* SUPPLIED DATA:
[Start of Attachment]
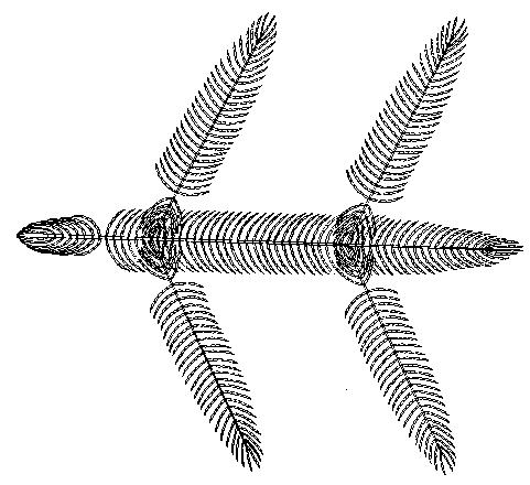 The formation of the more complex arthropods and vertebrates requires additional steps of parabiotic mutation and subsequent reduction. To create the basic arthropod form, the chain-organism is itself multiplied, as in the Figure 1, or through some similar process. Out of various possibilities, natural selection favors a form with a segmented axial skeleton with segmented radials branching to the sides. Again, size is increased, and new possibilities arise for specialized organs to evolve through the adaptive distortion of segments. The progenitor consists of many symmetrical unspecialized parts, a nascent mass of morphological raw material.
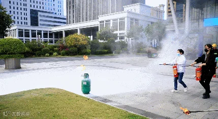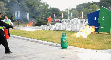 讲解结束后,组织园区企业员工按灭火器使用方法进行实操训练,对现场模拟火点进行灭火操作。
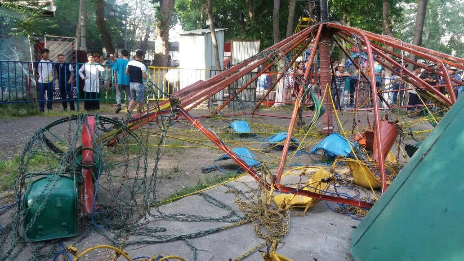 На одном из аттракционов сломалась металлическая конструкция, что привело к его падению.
[End of Attachment]
* WHAT IS BEING ASKED: Could you give back the full listing word for word, leaving out the images?

* COMPLETED EXERCISE:
 The formation of the more complex arthropods and vertebrates requires additional steps of parabiotic mutation and subsequent reduction. To create the basic arthropod form, the chain-organism is itself multiplied, as in the Figure 1, or through some similar process. Out of various possibilities, natural selection favors a form with a segmented axial skeleton with segmented radials branching to the sides. Again, size is increased, and new possibilities arise for specialized organs to evolve through the adaptive distortion of segments. The progenitor consists of many symmetrical unspecialized parts, a nascent mass of morphological raw material.
 讲解结束后,组织园区企业员工按灭火器使用方法进行实操训练,对现场模拟火点进行灭火操作。
 На одном из аттракционов сломалась металлическая конструкция, что привело к его падению.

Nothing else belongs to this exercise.